La Grève de Pordic/Sentier des Douaniers, en face de Binic

Librairie L. Prud’homme (p. 3-5).

Sentier des Douaniers en face de Binic.


Pordic aux cent vallons, ô que ta mer est belle,
Quand de l’étroit sentier qui serpente près d’elle,
On regarde les flots l’un par l’autre poussés
En anneaux blanchissants se briser à ses pieds ;
Et comme s’essayer à laver leur rivage,
Par les bonds dont sans cesse ils assaillent la plage.
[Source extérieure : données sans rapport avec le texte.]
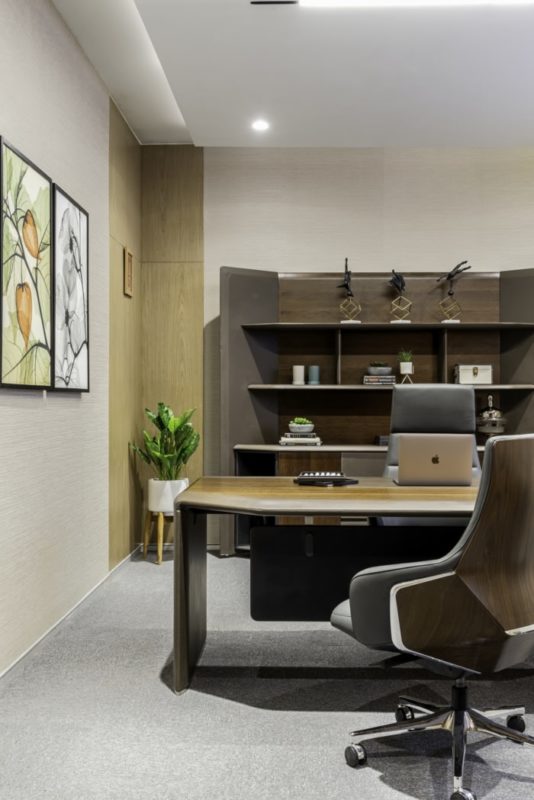 Everything in the office is very subtle & serene. We have a massive pop of colour in the central admin area. The blue colour in the central area has been taken from the company’s logo. The breakout area has a vibrant wall with a play on words & graphics. Art & graphics al through the space has been designed keeping in mind the real estate business of the firm.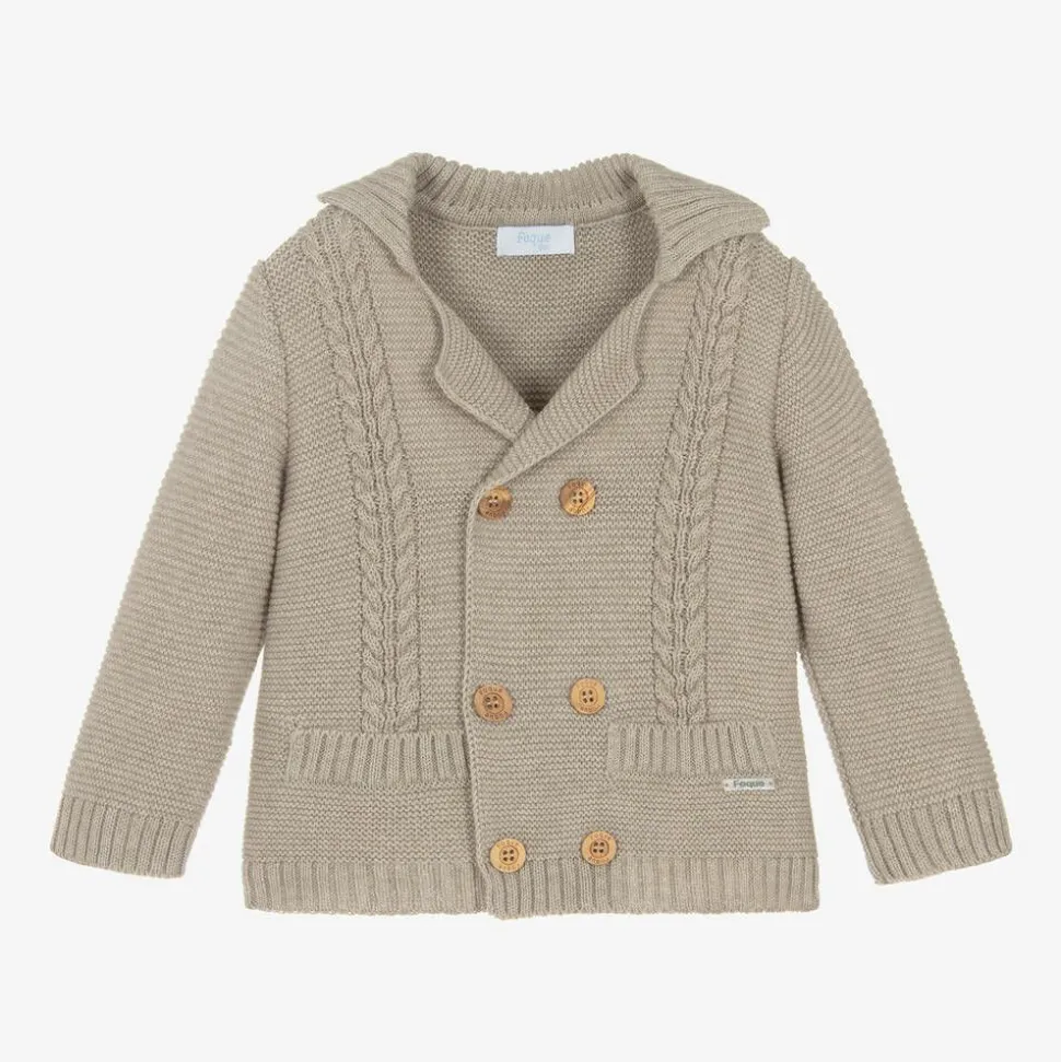 A beige cardigan for little boys and girls by Spanish brand Foque, finely knitted in a cotton and wool blend. This classic layering piece is styled with cable knit detailing and ribbed trims. The double-breasted front fastens with branded wooden buttons.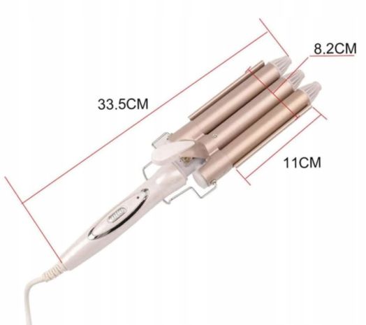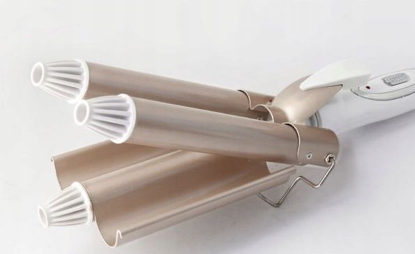 Narzędzie do pielęgnacji włosów z wygodnym uchwytem i 3 rolkami lokówki sprawi, że włosy będą się pięknie układać w fale.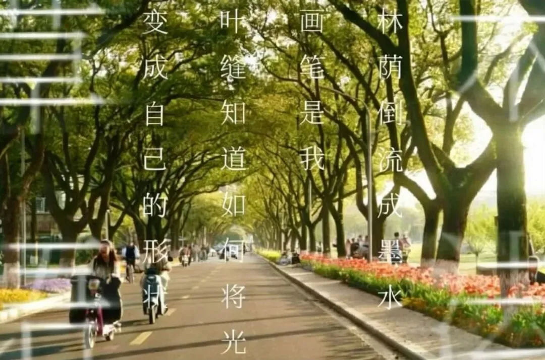 3、图片+文字的合成图,即以宁大校园一角的图片为背景,将三行情书的内容与图片合成最后的效果图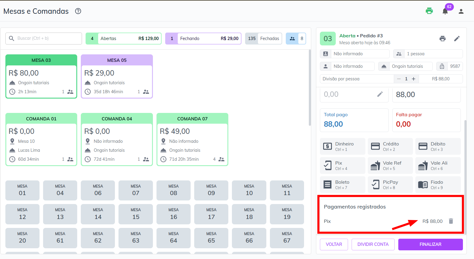 * Com a mesa reaberta, clique em **Fechar conta** ou no ícone **$**.
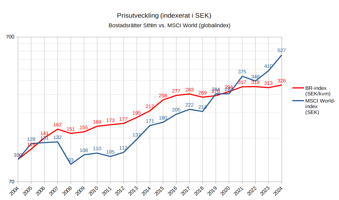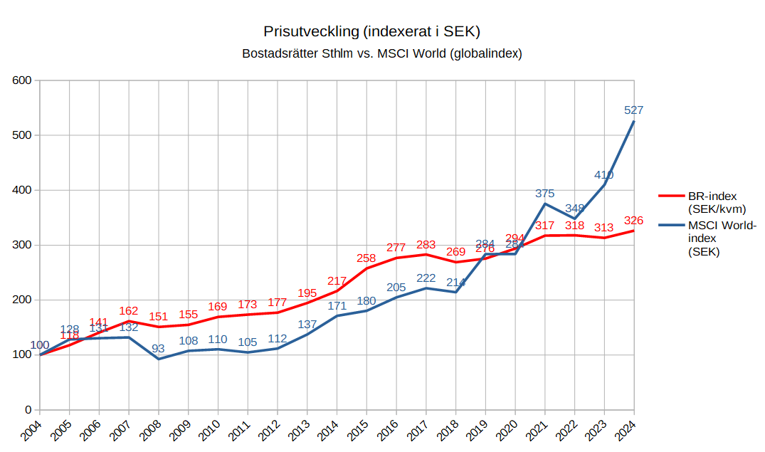 Jag kollade Mäklarstatistik för bostadsrätter i Stockholm (utveckling av kvadratmeterpriset/år) och jämförde med utvecklingen för det globala indexet MSCI World omräknat till SEK. Här nedan är resultatet av jämförelsen. Du får dra dina egna slutsatser. Jag har ingen aning om hur framtiden ser ut.

Quel bruit retentissant ! comme ils sont cadencés,
Ces sons qui du rivage à l’oreille apportés,
La caressent sans fin de leur rude harmonie.
Quel immense horizon aux regards se déplie !

Sur le flot argenté, j’ai beau chercher au loin,
L’œil ne voit plus que l’eau : l’intrépide marin
Sait seul s’il est encore au-delà quelque terre.
Du rivage j’ignore et ma faible paupière
En face n’aperçoit que la mer et les flots.
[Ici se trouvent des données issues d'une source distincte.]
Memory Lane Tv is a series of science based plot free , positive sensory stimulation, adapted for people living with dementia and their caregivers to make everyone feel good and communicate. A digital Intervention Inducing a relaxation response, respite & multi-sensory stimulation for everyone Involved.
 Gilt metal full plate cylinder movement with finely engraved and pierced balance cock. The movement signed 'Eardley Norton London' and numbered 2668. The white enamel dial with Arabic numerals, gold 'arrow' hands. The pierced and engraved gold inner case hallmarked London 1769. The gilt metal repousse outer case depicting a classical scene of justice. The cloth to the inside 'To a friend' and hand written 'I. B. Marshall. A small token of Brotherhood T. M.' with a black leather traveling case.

Est-ce donc la limite où le sol et les eaux
Se donnent rendez-vous au théâtre de gloire,
Prétendant l’un et l’autre emporter la victoire ?

Au moins ici voit-on de ces deux élémens
Le combat à outrance et de tous les instans.
Le flot bruyant, rapide accourant avec rage,
Va faire, on le croirait, reculer le rivage.
Celui-ci sans céder, au terrible élément
Ne cesse d’opposer son immobile flanc.
Il ne reconnaît point ce lieu pour sa frontière,
Ni ces flots comme étant sa limite dernière.

Voyez ces bâtiments qui cinglent vers le nord,
Que vont-ils en effet chercher ? La terre encor.
La puissante Albion dans sa large Tamise
Au-delà de ces flots, sur son or est assise.
Ces barques de l’Anglais vont visiter les ports,
Et du marchand avide accroître les trésors.

D’ici même au regard est visible la trace
Des terres dont les eaux ont envahi la place ;
Et dans le sein des eaux, les terres à leur tour,
Envers et contre tout, maintiennent leur séjour.